Lee Joseph H, Gurney Susan, Pang Deborah, Temkin Alexis, Park Naeun, Janicki Sarah C, Zigman Warren B, Silverman Wayne, Tycko Benjamin, Schupf Nicole
The Taub Institute for Research on Alzheimer's Disease and the Aging Brain, Columbia University Medical Center, New York, NY 10032, USA.
Curr Gerontol Geriatr Res. 2012;2012:361218. doi: 10.1155/2012/361218. Epub 2012 Mar 4.
Background/Aims. Genetic variants that affect estrogen activity may influence the risk of Alzheimer's disease (AD). In women with Down syndrome, we examined the relation of polymorphisms in hydroxysteroid-17beta-dehydrogenase (HSD17B1) to age at onset and risk of AD. HSD17B1 encodes the enzyme 17β-hydroxysteroid dehydrogenase (HSD1), which catalyzes the conversion of estrone to estradiol. Methods. Two hundred and thirty-eight women with DS, nondemented at baseline, 31-78 years of age, were followed at 14-18-month intervals for 4.5 years. Women were genotyped for 5 haplotype-tagging single-nucleotide polymorphisms (SNPs) in the HSD17B1 gene region, and their association with incident AD was examined. Results. Age at onset was earlier, and risk of AD was elevated from two- to threefold among women homozygous for the minor allele at 3 SNPs in intron 4 (rs676387), exon 6 (rs605059), and exon 4 in COASY (rs598126).

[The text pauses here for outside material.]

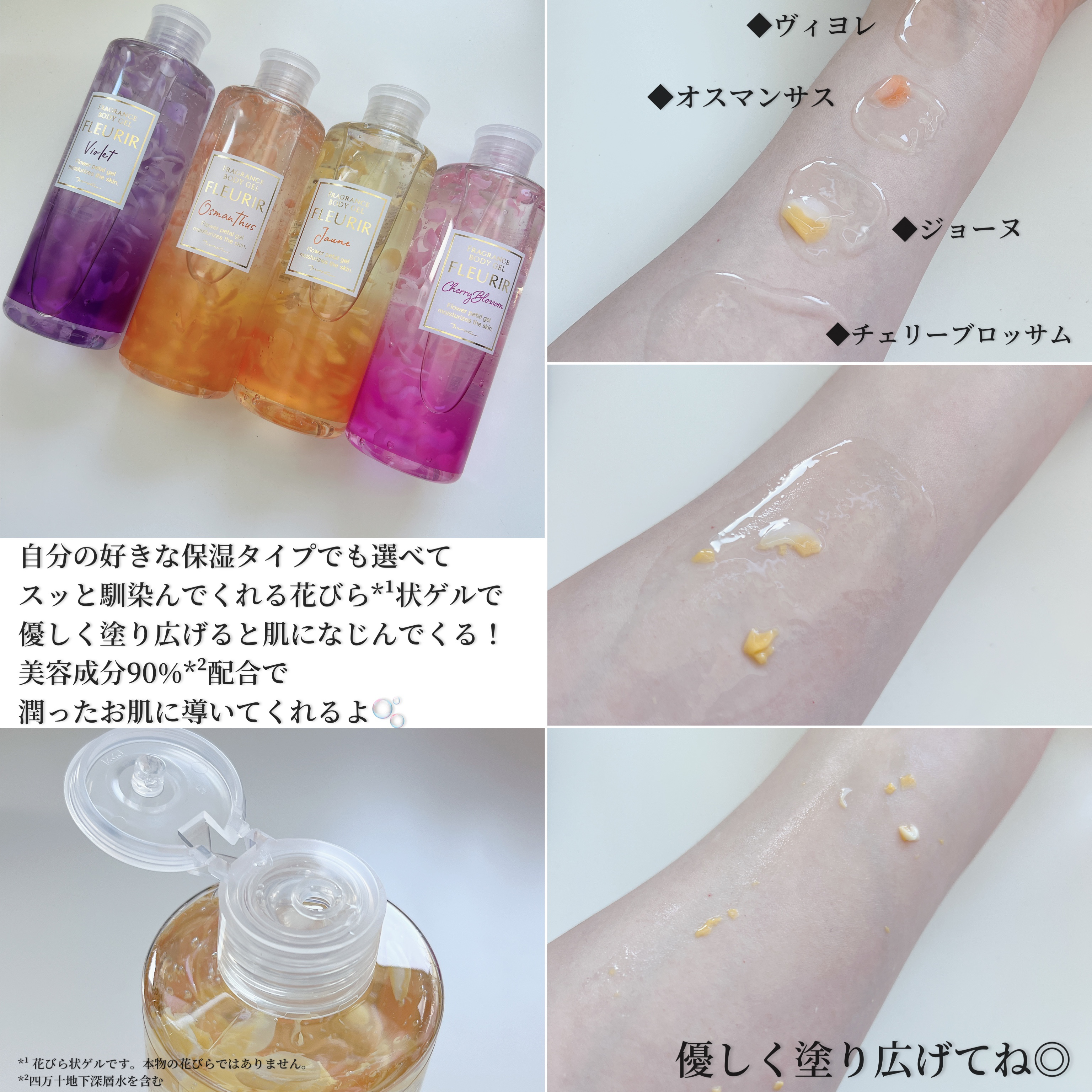 美容成分90%配合で潤ったお肌に導いてくれるそう🥺 4種類あって、高保湿タイプのオスマンサス、しっとりタイプのヴィヨレ、うるさらタイプのチェリーブロッサム、さっぱりタイプのジョーヌから選べるよ😆 どちらもジェルタイプなので、スゥーとお肌に馴染んでベタベタしないよ♪ 花びら状ゲルは、優しく塗り広げることでとろけるようにお肌に馴染む💗 オスマンサスは、桃やジャスミンをプラスした華やかなキンモクセイの香り。 ヴィヨレは、藤やスイートピーを基調とした可憐で上品なフローラルムスクの香り。 チェリーブロッサムは、チェリーやアップルの甘くフルーティーな香りと優しい桜の花の香り。 ジョーヌは、ジャスミンや洋梨を基調とした花々や果実の爽やかな香り。

Carriers of the haplotype TCC, based on the risk alleles for these three SNPs, had an almost twofold increased risk of developing AD (hazard ratio = 1.8, 95% CI, 1.1-3.1). Conclusion. These findings support experimental and clinical studies of the neuroprotective role of estrogen.

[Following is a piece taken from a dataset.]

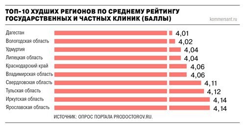 Это Дагестан (3,19), Владимирская (3,37), Иркутская области (3,45), Удмуртия (3,40). За счет высоких оценок частного сектора этот провал компенсируется в общем зачете (4,75–4,85). А вот Краснодарский край — уникальный антилидер. При большом количестве отзывов — 96 тыс.— он показывает самый низкий рейтинг частных клиник среди всех крупных регионов (4,37) и средний — по государственным (3,75). Москва и Санкт-Петербург со средним рейтингами 4,5 и 4,43 находятся в середине списка регионов с большим количеством отзывов.

背景/目的。影响雌激素活性的基因变异可能会影响阿尔茨海默病(AD)的发病风险。在患有唐氏综合征的女性中,我们研究了羟类固醇-17β-脱氢酶(HSD17B1)基因多态性与AD发病年龄及风险之间的关系。HSD17B1编码17β-羟类固醇脱氢酶(HSD1),该酶催化雌酮转化为雌二醇。方法。对238名年龄在31至78岁之间、基线时无痴呆的唐氏综合征女性进行随访,随访间隔为14至18个月,持续4.5年。对这些女性进行HSD17B1基因区域的5个单倍型标签单核苷酸多态性(SNP)基因分型,并研究它们与AD发病的相关性。结果。第4内含子(rs676387)、第6外显子(rs605059)和COASY第4外显子(rs598126)中3个SNP的次要等位基因纯合女性的发病年龄更早,AD发病风险增加了2至3倍。基于这三个SNP的风险等位基因的单倍型TCC携带者患AD的风险几乎增加了两倍(风险比=1.8,95%可信区间,1.1-3.1)。结论。这些发现支持了雌激素神经保护作用的实验和临床研究。